= David Geiser =

American painter (1947–2020)

David Geiser (June 28, 1947 – October 14, 2020) was an American painter and creator of several underground comix.

== Life and works ==
David Geiser was an abstract expressionist painter, born in Rochester, New York in 1947. He studied at the University of Vermont and the Art Students League. In 1969, he postponed attending Yale University, moving instead to San Francisco and began drawing underground comix, while befriending other underground comic creators such as S. Clay Wilson and San Francisco Comic Book Company founder Grey Arlington and immersed himself in illustrations. Geiser created several underground comic titles in the early 1970s, including Saloon, Demented Pervert, Clowns, Uncle Sham, DTs, Pain, Sloppy Seconds, and Edge City. The number of issues produced ranged from 1,000 to about 10,000.

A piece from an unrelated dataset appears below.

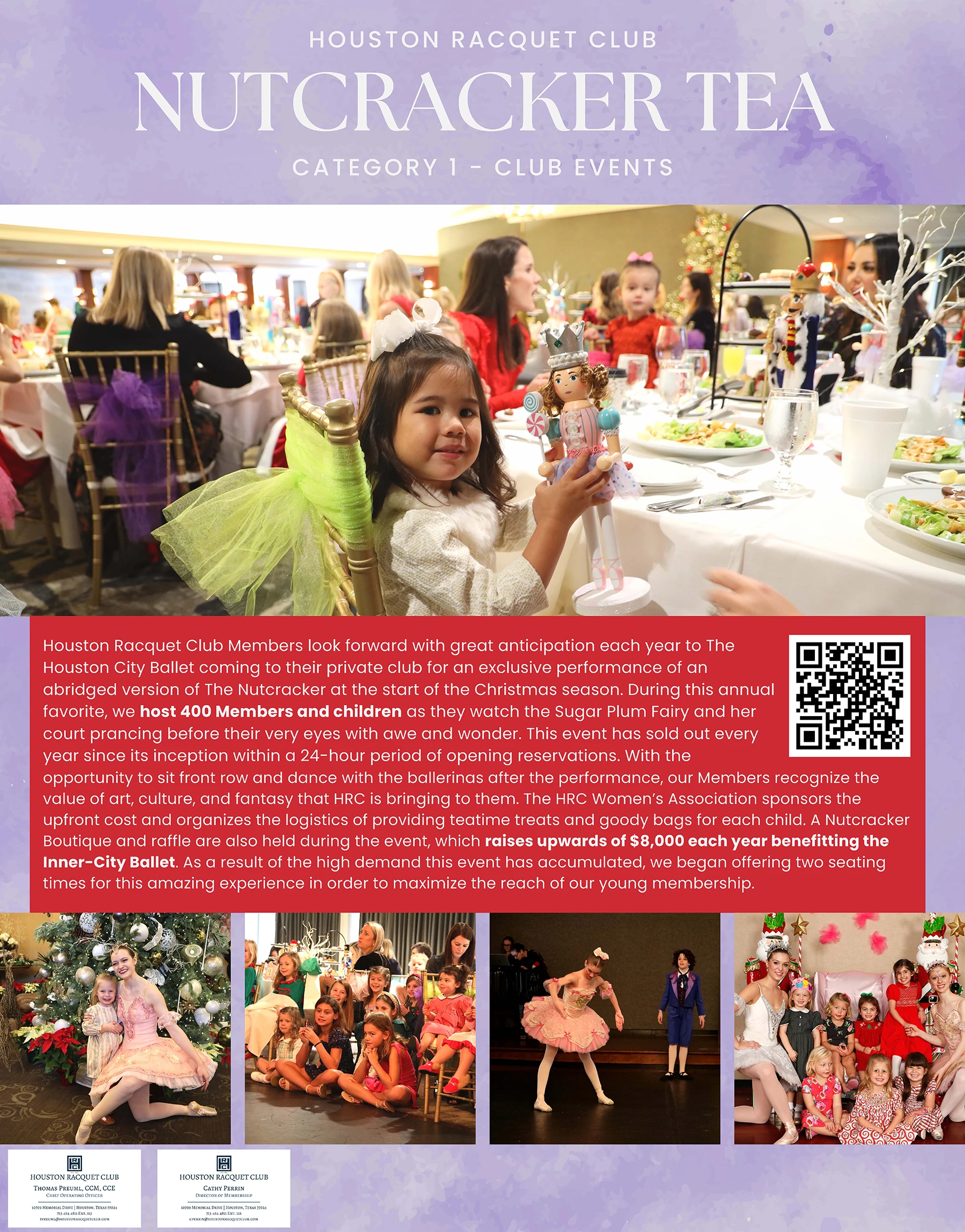 The Houston Racquet Club Women’s Association sponsors the upfront cost and organizes the logistics of providing teatime treats and goody bags for each child. A Nutcracker Boutique and raffle are also held during the event, which raises upwards of $8,000 each year benefiting the Inner-City Ballet. This is a much-awaited Member favorite event.

Geiser left San Francisco in 1976 and spent two years in Paris, where he studied at the Ecole des Beaux-Arts. He returned to the United States in 1979, settling in SoHo, New York in the early 1980s. At that point, Geiser began concentrating on oil painting and moving into abstract expressionism. His canvases are tactile and deep, often being composed of many layers of shellac, pitch, tar, rope and scrap wood.

Geiser was married to actress Mercedes Ruehl. In 2001 they moved to East Hampton where they lived with their son, Jake. A son from a previous marriage, Cameron Geiser, lives in Montara, California. They put their Hampton house on the market in 2017; the same year Ruehl was quoted as saying that they were no longer together, but remained close.

David Geiser died unexpectedly of heart disease in his sleep at home on October 14, 2020, at the age of 73.